Here comes the hard part. We should traverse all parameters and encode them based on their type:

  • If the type is dynamic we have to encode its size and append it to the head and add the element’s encoding to the tail.
  • If the type is static we have to append its encoding to the head.
  defp encode_type({:tuple, types}, [data | rest]) do
    # all head items are 32 bytes in length and there will be exactly
    # `count(types)` of them, so the tail starts at `32 * count(types)`.
    tail_start = (types |> Enum.count()) * 32

    {head, tail, [], _} =
      Enum.reduce(types, {<<>>, <<>>, data |> Tuple.to_list(), tail_start}, fn type,
                                                                               {head, tail, data,
                                                                                tail_position} ->
        {el, rest} = encode_type(type, data)

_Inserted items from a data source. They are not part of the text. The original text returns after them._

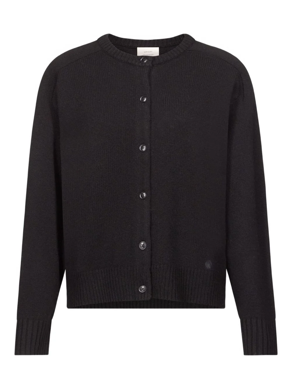 Aidar Lds ribbed crew-neck cardigan Highlights - Black - Wool-cashmere blend - Crew neck - Button fastening - Ribbed cuffs and hem Imported Composition Wool 90%, Cashmere 10% Washing instructions Read Manufacturer Guidelines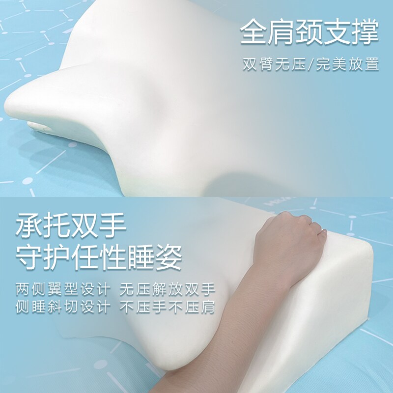 3.枕头两侧高度与肩部弧度相符,不会压迫肩膀或倾斜头部。即使侧睡,双手也不会受到挤压。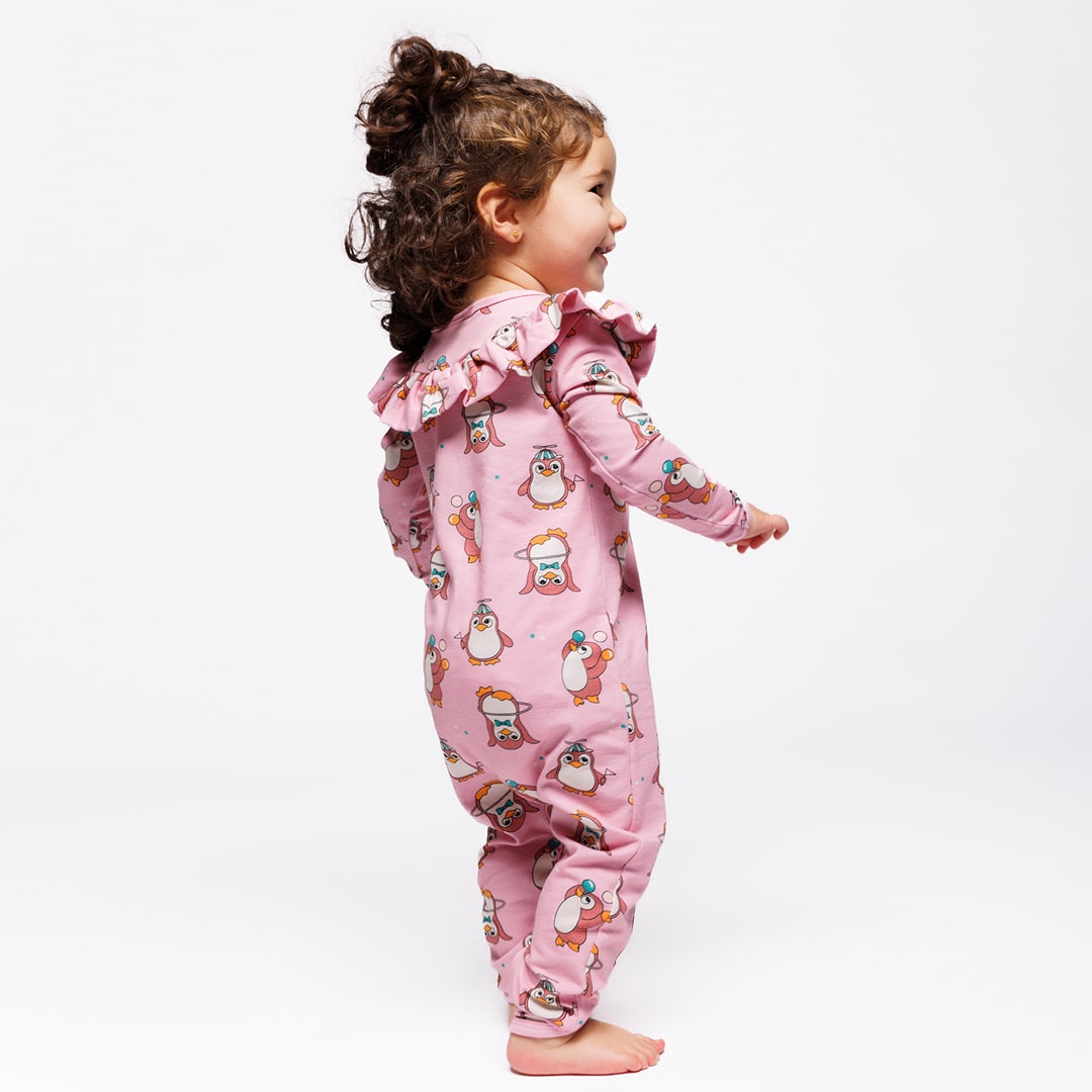 Let playful circus penguins add a touch of whimsy and charm to your little one's outfit. Småfolk's prints are hand drawn and designed with a focus on happy colors, details and stories. Our baby suits are a great way to add personality to your child's wardrobe while keeping your child comfortable all day.
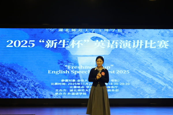 本网讯(图 张沁源 蒋睿龙 朱肜丞 文 刘豫宜 刘昕婷)“从小镇教室的琅琅书声到国家‘双一流’建设的宏伟蓝图,我将个人的求学梦编织进伟大的教育强国梦中……”11月26日晚,我校学术交流中心,一位参赛选手正用流利的英语娓娓道来。这里正在举行的,是备受瞩目的“新生杯”英语演讲比赛决赛。六百余名师生齐聚一堂,共同聆听了一场以“My ‘Chinese Dream’ as a Young College Student”为主题的英文演讲比赛。教务部部长刘江燕围绕“青年大学生的中国梦”主题寄语参赛学子。外国语学院院长郑桃云鼓励选手以自信从容的姿态,展现新时代大学生的精神风貌。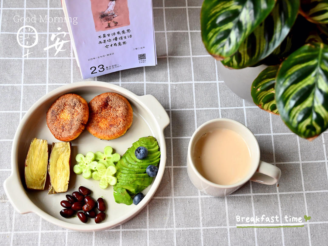 南瓜饼+红薯🍠+牛油果🥑黄瓜🥒+醋泡黑豆+拿铁☕️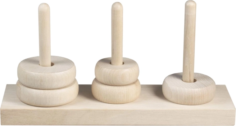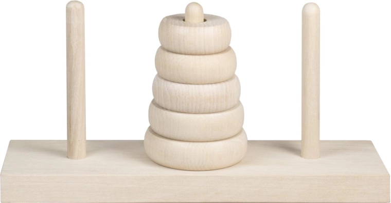 Der Turm von Hanoi ist ein klassisches mathematisches Puzzle aus dem Jahr 1883, das Generationen von Spielenden begeistert und lehrt. Ziel ist es, alle Ringe von einem Stab auf einen anderen zu versetzen, nach einfachen Regeln – es darf immer nur ein Ring bewegt werden, und ein größerer Ring darf niemals auf einem kleineren liegen. Diese Holzversion bietet eine natürliche Optik, eine feste Basis und glatte Ringe für angenehmes Handling.
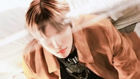 边伯贤坐在夜灵的右面下巴搭着肩。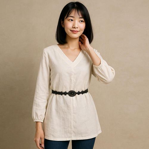 [옷자락]여자 심플 허리스트랩 찰랑핏 긴팔 블라우스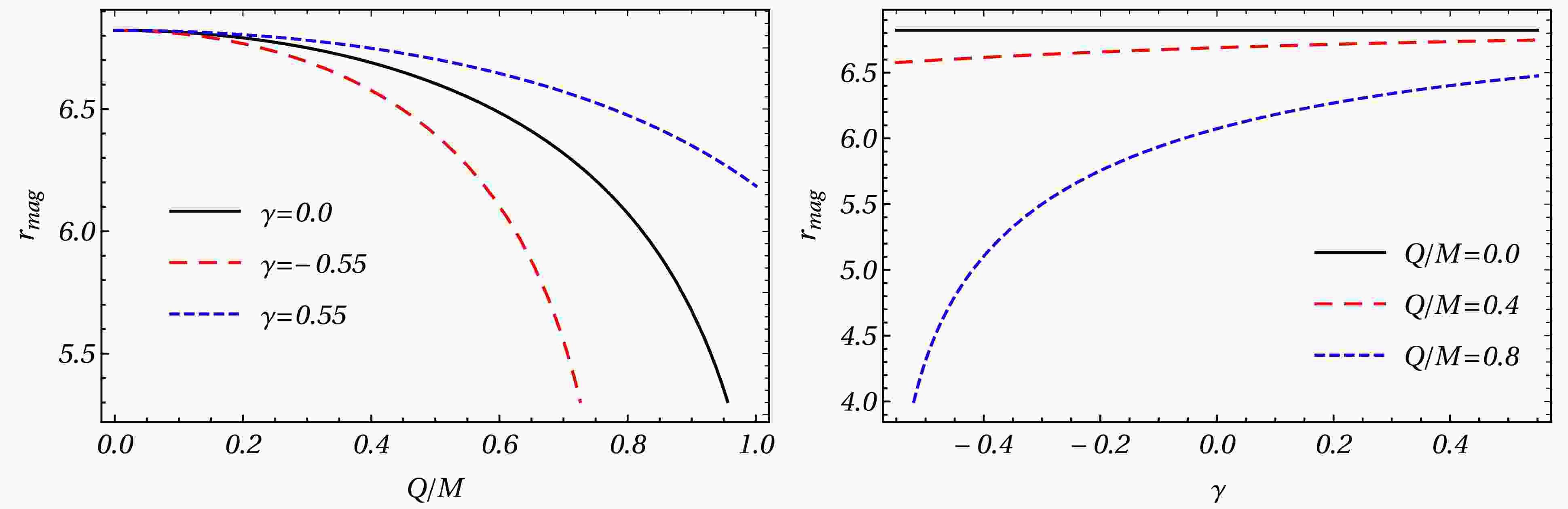 $ Q_\mathrm{e}^2 + Q_m^2 = Q^2 $ . We can obtain the maximum value of black hole charge using Eq. (15) as follows:$ 0 < Q < M\cdot \mathrm{e}^{-\gamma/2}. $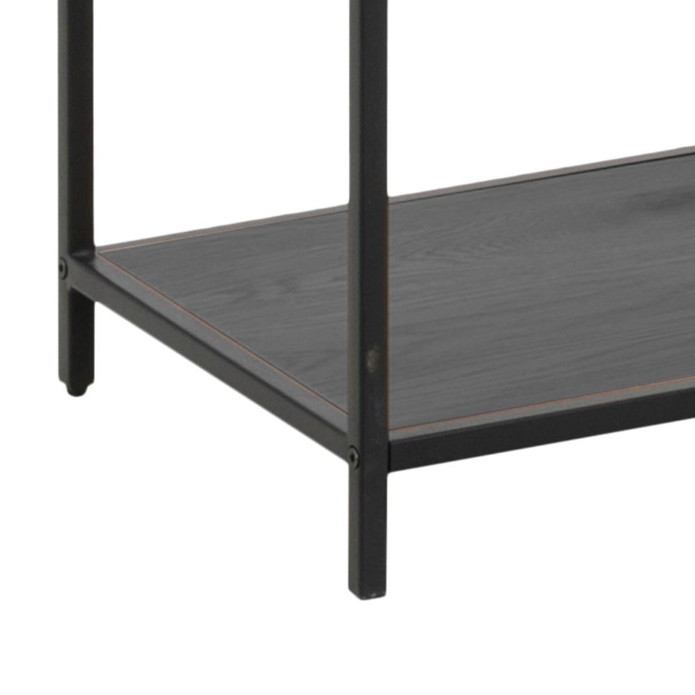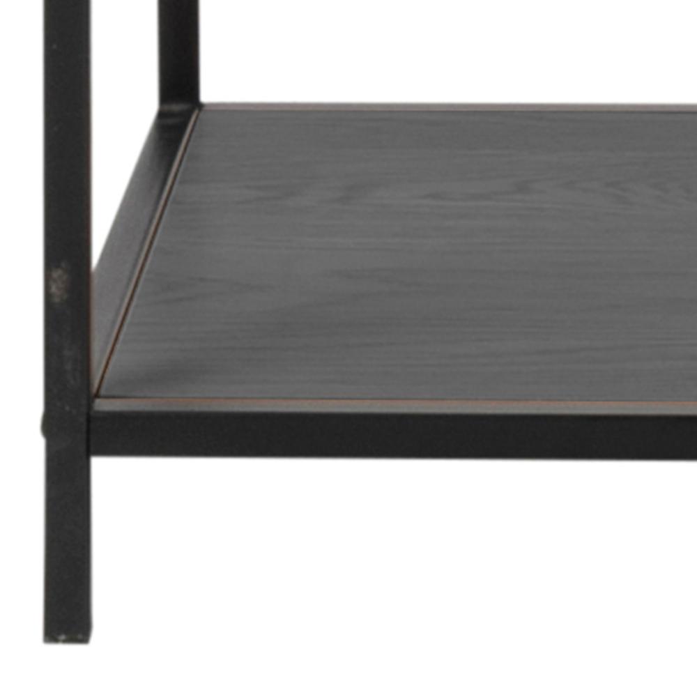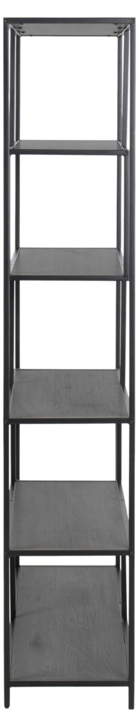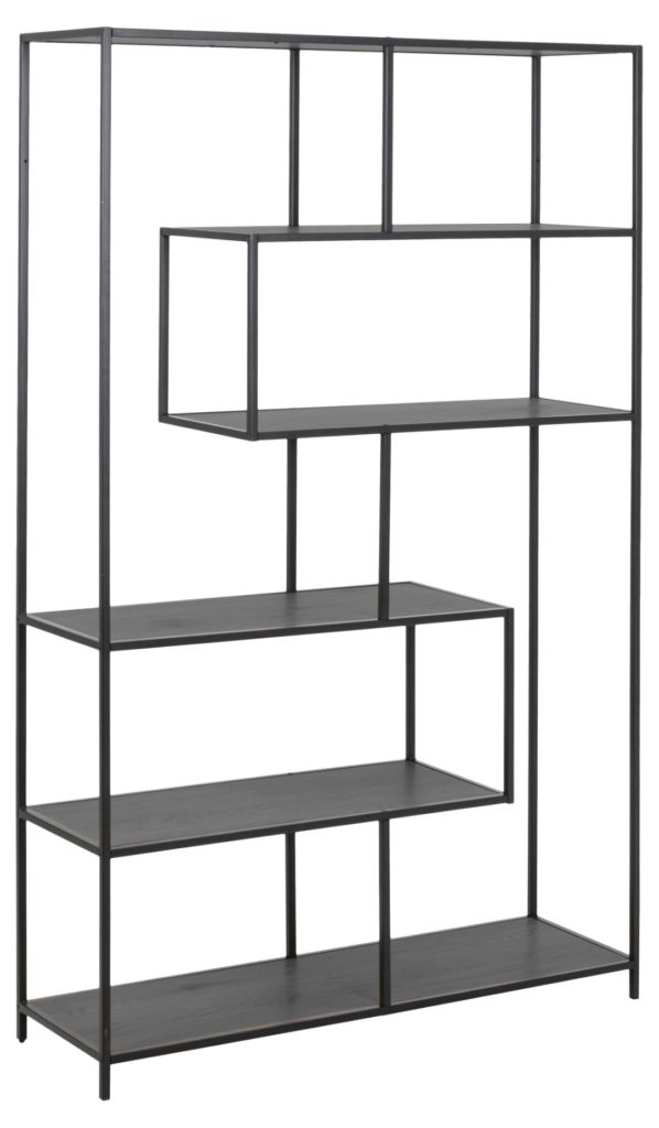 Stijlvolle, industriële boekenkast Seaford — matzwart, ruw gepoedercoat stalen frame en voet, vijf zwarte essenplanken in robuuste melamine met subtiel asymmetrisch detail. Strak design, duurzaam. Afmetingen: 114 × 35 × 185 cm.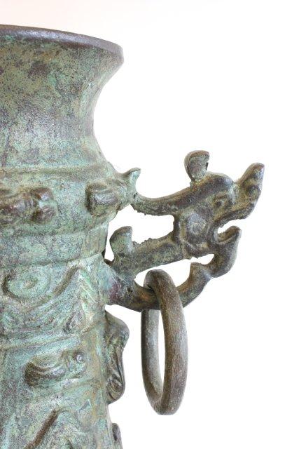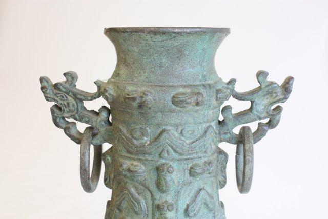 Dragon face handles with rings, bottom missing. Approx. 13.5" H. Please read our terms of sale.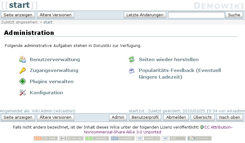 Klicken Sie in Ihrem Wiki auf den Schalter [Admin] und auf der Administrationsseite dann auf [Plugins verwalten].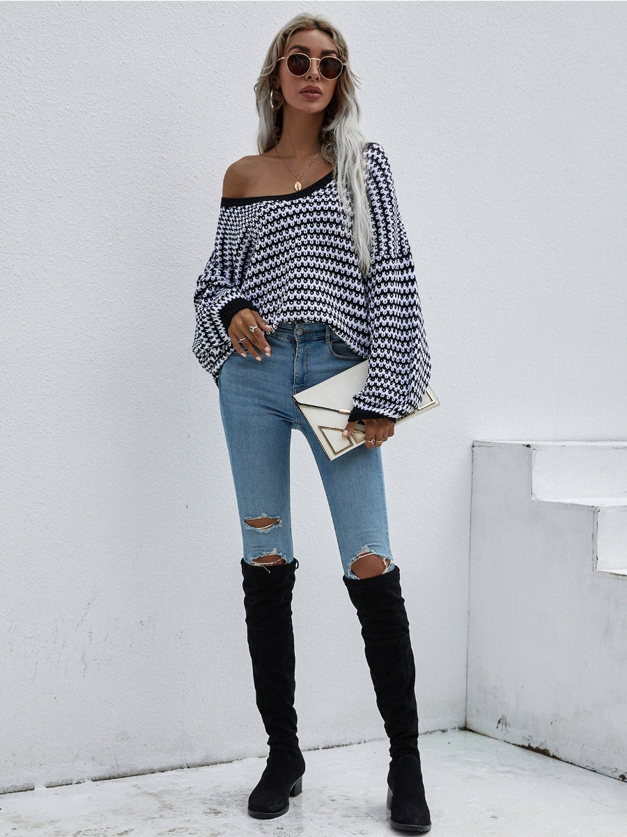 Calistally | GISELE Lantern Sleeve Tighten Cuff Knit Top - Black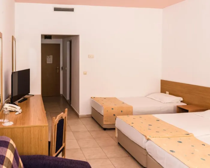 Klima i centralno grejanje osiguravaju udobne temperature u sobama. Balkon je standardno uključen u nekim sobama. Sobe imaju bračni krevet i sofu. Dostupne su odvojene spavaće sobe. Kreveti za decu i pomoćni kreveti mogu se zatražiti za mlađe goste. Mini bar i radni sto su takođe dostupni. Telefon, TV i WiFi (bez dodatne naplate) pružaju sve neophodno za udoban odmor. Kupatila su opremljena tušem, kadom i bideom. Fen za kosu i ogledalo za šminkanje dostupni su za svakodnevnu upotrebu. Hotel ima porodične sobe i sobe za nepušače.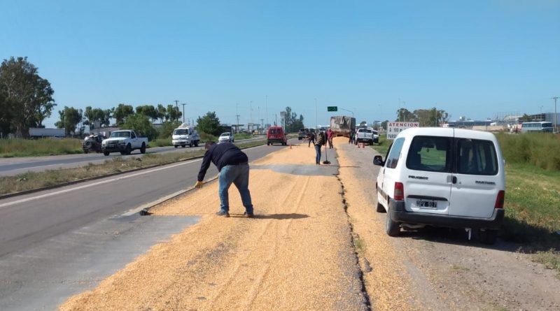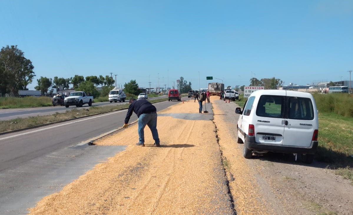 Un camión que transitaba por la ruta 3, a la altura de la rotonda de Pedro Pico, perdió parte de la carga de maíz que llevaba.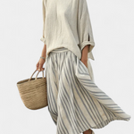 Цялостен комплект Daisy с Oversize тениска и midi пола с райета от лен и бамбук за елегантен и удобен стил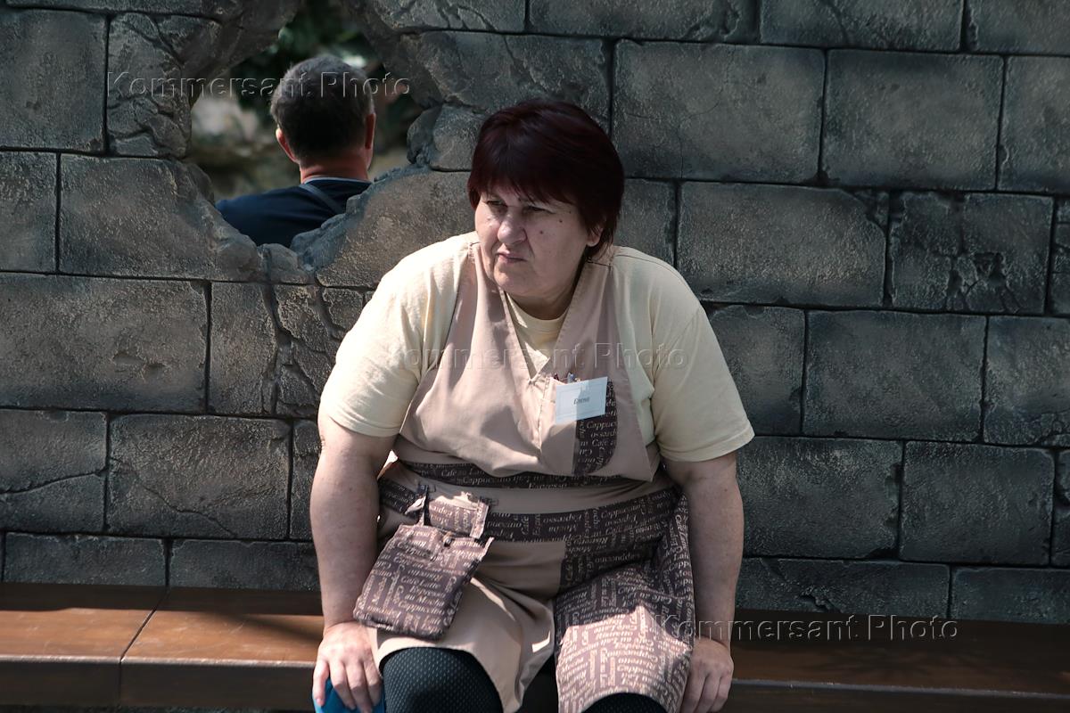 жанровая фотография. Женщина продавец отдыхает на лавочке в сквере.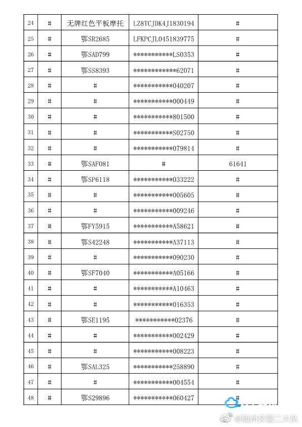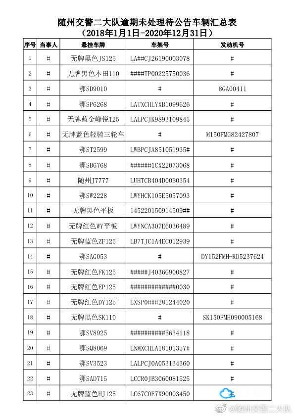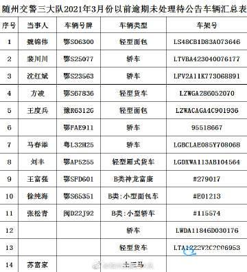 请以下车辆的驾驶人,所有人或管理人在本公告发布之日起三个月内携带身份证,驾驶证,行驶证或车辆合法来源证明到随州市公安局交通警察支队二大队接受处理。

        if ABI.FunctionSelector.is_dynamic?(type) do
          # If we're a dynamic type, just encoded the length to head and the element to body
          {head <> encode_uint(tail_position, 256), tail <> el, rest, tail_position + byte_size(el)}
        else
          # If we're a static type, simply encode the el to the head
          {head <> el, tail, rest, tail_position}
        end
      end)

    {head <> tail, rest}
  end

We can use neat Elixir pattern matching to determine if a type is dynamic or not.

  defmodule ABI.FunctionSelector do

    ...


    def is_dynamic?(:bytes), do: true
    def is_dynamic?(:string), do: true

    ...

    def is_dynamic?(_), do: false

    ...

  end

Here’s a couple of examples of data type encodings.

  ...

  defp encode_type(:bool, [data | rest]) do
    value =
      case data do
        true -> encode_uint(1, 8)
        false -> encode_uint(0, 8)
        _ -> raise "Invalid data for bool: #{data}"
      end

    {value, rest}
  end

  defp encode_uint(data, size_in_bits) when rem(size_in_bits, 8) == 0 do
    size_in_bytes = round(size_in_bits / 8)
    bin = maybe_encode_unsigned(data)

    if byte_size(bin) > size_in_bytes,
      do:
        raise(
          "Data overflow encoding uint, data `#{data}` cannot fit in #{size_in_bytes * 8} bits"
        )

     pad(bin, size_in_bytes, :left)
  end

  ...

ex_abi

Complete Elixir implementation is available in ex_abi GitHub repo. In this short overview of ABI, I hope you got a basic understanding of this encoding.

Acknowledgement

Update 2020

I completely re-wrote the encoder and made significant changes to the decoder, so this post is not up to date with the latest ex_abi version.